2007 book by Alan Greenspan

The Age of Turbulence: Adventures in a New World is a 2007 memoir of former chairman of the Federal Reserve Alan Greenspan, co-authored by Peter Petre, a former executive editor at Fortune magazine. Published on September 17, 2007, the book debuted at the top of the New York Times Bestseller list for hardcover nonfiction. Penguin Press reportedly paid him an $8 million advance.

==Overview==
The first half of The Age of Turbulence is an autobiographical chronology of Greenspan's life that shows readers the people and circumstances that helped shape and guide Greenspan—from hours of clarinet and saxophone practice to living-room philosophy with Ayn Rand.
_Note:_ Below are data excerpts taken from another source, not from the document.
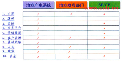 在投資與收益方面,雙方共同出資,成立公司,調(diào)動雙方相關(guān)的優(yōu)勢資源。并且協(xié)調(diào)了與SP/CP、政府、行業(yè)部門等多方面原本復(fù)雜的關(guān)系。能夠增加的收入是點播和直播節(jié)目收費。收費模式方面增加電視包月費、頻道組合費。合作分成通過股份公司分紅。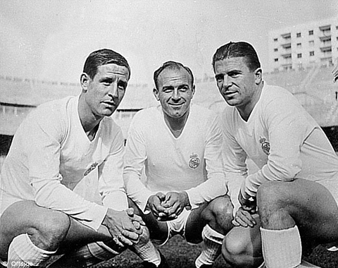 Kopa (left) played with Alfredo Di Stefano (centre) and Ferenc Puskas (right) at Real Madrid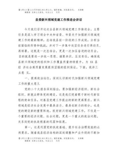 / 【七哥公文】2025年:县委新兴领域党建工作推进会讲话+更多免费公文+VX:QiGeGongWen2024

The second half of the book retells several major economic events (primarily within the United States) that have occurred over the past half century. It details his economic endeavors and personal observations while serving under various U.S. presidents and are often intermingled with the economic events. The latter half of the book also includes an analysis and brief history of major global economic constructs—Marxist communism, populism, and various mutations of market capitalism—along with Greenspan's opinions about their relative merits and shortcomings.

Greenspan said that he wrote the book in longhand mostly while soaking in the bathtub, a habit he regularly employed since an accident in 1971, when he injured his back.
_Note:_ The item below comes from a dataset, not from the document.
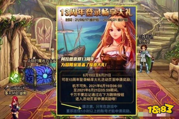 1.活动规则全解读周年庆系列活动在“6月17日”正式启动,届时奥兹玛团本、各种史诗神话活动齐开,但是,周年庆站街奖励活动时间,是在“6月19日6:00到6月21日5:59”,也就是周末两天时间,千万不要记错了时间。其次,此次站街活动,新增了一条新规定,账号在线时间要求1小时,才能激活“申请奖励”,与以往的登录即可不同,想来策划是想打击工作室。

===On free market capitalism===
In Greenspan's view, free market capitalism is the economic approach that "trumps" other forms attempted thus far in human history. His support of Adam Smith's "invisible hand", i.e., people's motivational self-interest, is foundational to his view of creating a successful, growing economy. He discusses the rapid historical growth of the U.S. economy under market capitalism as well as its benefit to foreign adopters, albeit with persistent dis-functions. His support for market capitalism is not without criticism. This includes the anxiety often expressed within a society as "creative destruction" plays out. Greenspan also decries the lack of quality public secondary education for the "masses", particularly in mathematics and the sciences, and how this problem contributes to the divergence of rich and poor within the United States.

"The book ends on an awkward note that the conditions that led to a substantial reduction in the inflation and interest rates in the past three decades were an accident and are not likely to be repeated. How sad."

===On presidential economic influence===
Greenspan's criticisms of President George W. Bush include his refusal to veto new federal legislation, thus increasing spending with unprecedented ease. In Greenspan's opinion, Bush's approach to dealing with the congress has been one of "conflict avoidance", and fulfilling political promises/agendas with little room for compromise or reason. Greenspan writes, "[Republicans in Congress] swapped principle for power; they ended up with neither...they "deserved to lose" the 2006 midterm elections. One of his book's major themes is the "continuing struggle of successive administrations to achieve fiscal balance".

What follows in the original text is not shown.